Scheduling an Export

This page describes how to schedule an automatic export of the entities that your application stores in Google Cloud Datastore.

The instructions on this page assume that your Google Cloud Platform project is already set up to use Cloud Datastore.

Recommendation

The recommended approach for scheduling Cloud Datastore exports is to use Google App Engine. This requires deploying an App Engine service that will handle a request from a cron job and execute the export request. The deployed service runs using the identity of the App Engine default service account.

Before you begin

  1. Ensure that you are using a billable account for your Cloud Platform project. Only Cloud Platform projects with billable accounts can use the export and import functionality. For information about billing, see Billing and Payments Support.

  2. If you haven't already, create a Cloud Storage bucket for your project. All exports and imports rely on Cloud Storage.

  3. Assign the Cloud Datastore Import Export Admin role to the App Engine default service account. This account is of the form YOUR_PROJECT_ID@appspot.gserviceaccount.com. You can use the gcloud command-line tool to assign the role:

    gcloud projects add-iam-policy-binding YOUR_PROJECT_ID \
    --member serviceAccount:YOUR_PROJECT_ID@appspot.gserviceaccount.com \
    --role roles/datastore.importExportAdmin
    

    Replace YOUR_PROJECT_ID with the ID of your Cloud Platform project.

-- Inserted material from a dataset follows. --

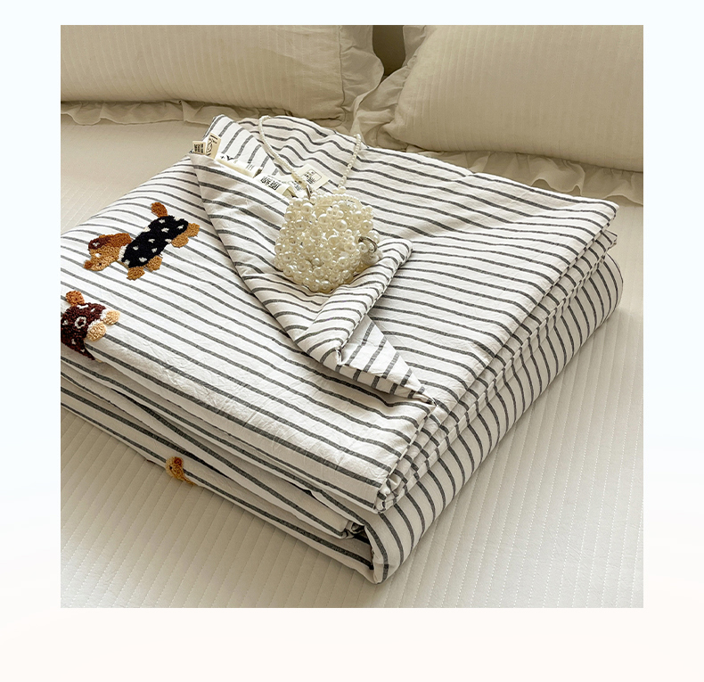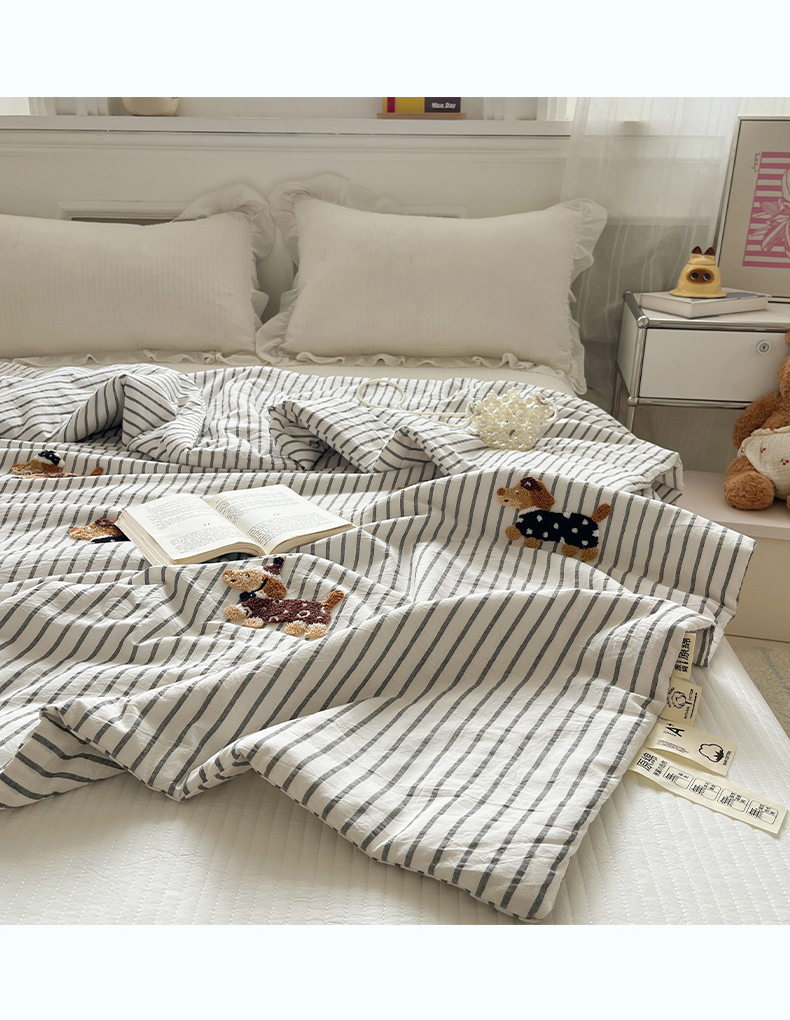 商品名称:一加一 2026新款全棉色织水洗棉毛巾绣大豆夏被夏凉被空调被-腊肠狗 腊肠狗-灰条

    For more information and other options for assigning a role to a service account, see Granting roles to a service account for specific resources.

  4. Assign the Cloud Storage bucket write permission to the App Engine default service account. You can use the gsutil command-line tool to assign the permission:

    gsutil iam ch serviceAccount:YOUR_PROJECT_ID@appspot.gserviceaccount.com:objectCreator \
    gs://BUCKET_NAME
    

    Replace YOUR_PROJECT_ID with the ID of your Cloud Platform project, and replace BUCKET_NAME with the name of your Cloud Storage bucket.

    For more information and other options for assigning Cloud Storage bucket permissions, see Using IAM with buckets.

Application files

In a new folder on your development machine, create the following files that provide the code for a cron job:

  • app.yaml
  • cloud_datastore_admin.py
  • cron.yaml

Use the following code for the files.

app.yaml

runtime: python27
api_version: 1
threadsafe: true
service: cloud-datastore-admin

libraries:
- name: webapp2
  version: "latest"

handlers:
- url: /cloud-datastore-export
  script: cloud_datastore_admin.app
  login: admin

cloud_datastore_admin.py

import datetime
import httplib
import json
import logging
import webapp2

from google.appengine.api import app_identity
from google.appengine.api import urlfetch


class Export(webapp2.RequestHandler):

  def get(self):
    access_token, _ = app_identity.get_access_token(
        'https://www.googleapis.com/auth/datastore')
    app_id = app_identity.get_application_id()
    timestamp = datetime.datetime.now().strftime('%Y%m%d-%H%S')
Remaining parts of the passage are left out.